This petitioner brought foreclosure proceedings against the defendant on a real estate mortgage. Hearing thereon was had before the chancellor, who, on April 11, 1931, *Page 408 filed his findings of fact. On May 11, 1931, these findings, with the written consent of the parties, were supplemented by a finding that the sum of $800, the avails of a fire insurance policy, had been received by the petitioner and should be credited on the mortgage debt. It was also found that the premises covered were inadequate security for such debt. A decree was entered for the petitioner, and a short day of redemption fixed.

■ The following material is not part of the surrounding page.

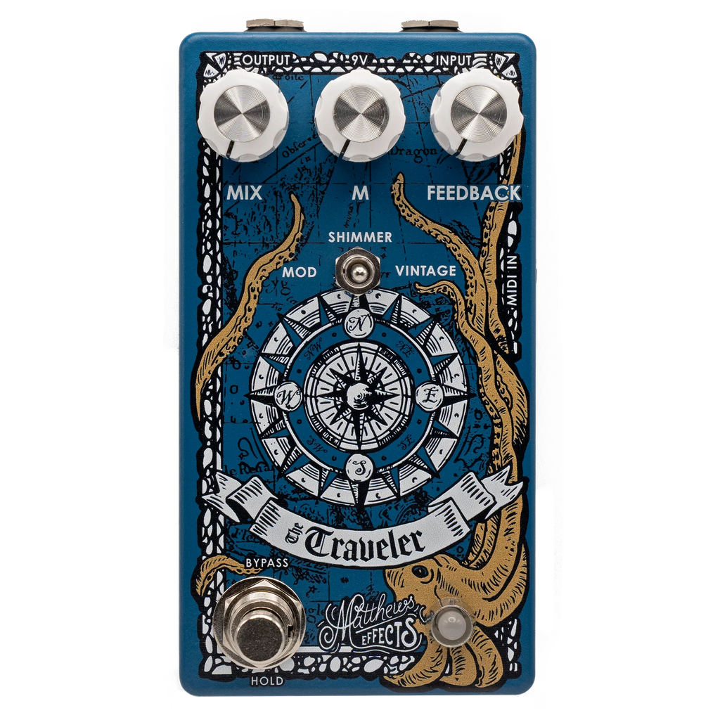 "The Traveler" also features MIDI capabilities, allowing you to control your presets, algorithms and features remotely. By holding the "Bypass/Hold" switch you activate the 'Hold" function which instantly jumps the feedback control to its max setting and then returns it to its previous place once the switch is released.

The defendant appealed from this decree, but it availed him nothing as is shown by Brown v. Osgood, 104 Vt. 87, 156 A. 876. After this affirmance, a new time of redemption was fixed, and the decree became absolute on November 18, 1931. Thereupon, the plaintiff took possession of the mortgage property and now holds the same.

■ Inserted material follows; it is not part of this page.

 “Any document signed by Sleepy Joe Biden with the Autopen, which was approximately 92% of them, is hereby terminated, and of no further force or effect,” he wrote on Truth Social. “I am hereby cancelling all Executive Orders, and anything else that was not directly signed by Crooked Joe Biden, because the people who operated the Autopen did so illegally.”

Pursuant to an order made by the chancellor when the aforementioned appeal was taken, the defendant filed a bond to secure the intervening damages and the costs occasioned by the appeal. When the case was remanded, a day was set for a hearing before the chancellor to determine the amount of these damages and costs. At this hearing, which was on May 21, 1934, the defendant appeared by his solicitor, and claimed that he had had no adequate notice of the hearing, but the chancellor ruled him down on that — and rightly so, as abundant notice was established.

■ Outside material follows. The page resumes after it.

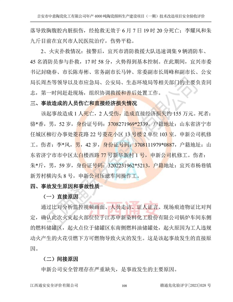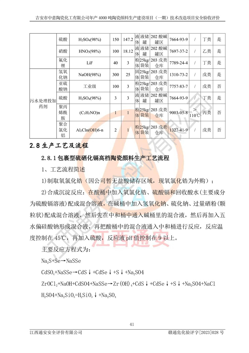 项目简介 | 吉安市中意陶瓷化工有限公司(以下简称“公司”)位于江西省吉安市新干县盐化工业城,于2011年08月15日注册成立,注册资金2666万元,统一社会信用代码:91360800578791603W,法人**李爱飞,属有限责任公司(自然人投资或控股),经营范围:陶瓷化工产品生产销售。(涉及许可的凭许可证生产经营;**法律、法规另有规定的除外;涉及《外商投资产业指导目录》限制类、禁止类项目除外)。 公司于2022年03月17日取得新干县工业和信息化局印发的《江西省工业企业技术改造项目备案通知书》(统一项目代码:2203-360824-07-02-853961),项目名称:吉安市中意陶瓷化工有限公司年产4000吨陶瓷颜料生产建设项目(一期)技术改造项目。 公司于2022年3月编制了《吉安市中意陶瓷化工有限公司年产4000吨陶瓷颜料生产建设项目(一期)技术改造项目安全生产条件和设施综合分析报告》。 公司于2022年6月委托黑龙江龙维化学工程设计有限公司编制《吉安市中意陶瓷化工有限公司年产4000吨陶瓷颜料生产建设项目(一期)技术改造项目安全设施设计》并于2022年6月22日通过了安全设施设计专家评审; | |||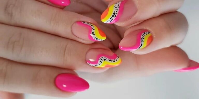 This design showcases a combination of pink, yellow, and orange waves at the tips, framed with black dots for a stylish and bold contrast. The playful waves bring a fresh, summer-ready vibe.

The defendant then filed a motion to abate the hearing, claiming that by a proper application of the insurance money hereinbefore mentioned, there was nothing due on the mortgage when the decree of foreclosure was rendered. The real question which the defendant sought to raise before the chancellor, and the one which he seeks to have passed upon here, is this one regarding the proper disposition of this insurance money. But that question, both in its legal and its factual aspects, was covered by the decree referred to, and was made conclusive when that decree was affirmed by this Court. With that decree in full force and effect, there was no defense to the claim for intervening damages and costs. The amount due in equity, a question of fact, and the proper disposition of the $800, a question of law, were conclusively established by the former decree. So the questions whether this sum should be applied on the mortgage debt as fast as payments thereon fell due, as indicated by Thorp v. Croto, 79 Vt. 390, 65 A. 562, 10 L.R.A. (N.S.) 1166, 118 A.S.R. 961, 9 Ann. Cas. 58, or *Page 409 should be held as security and applied to the debt in inverse order of the maturity of the payments thereon, were not before the chancellor in this case, and are not before us.
Decree affirmed, and cause remanded.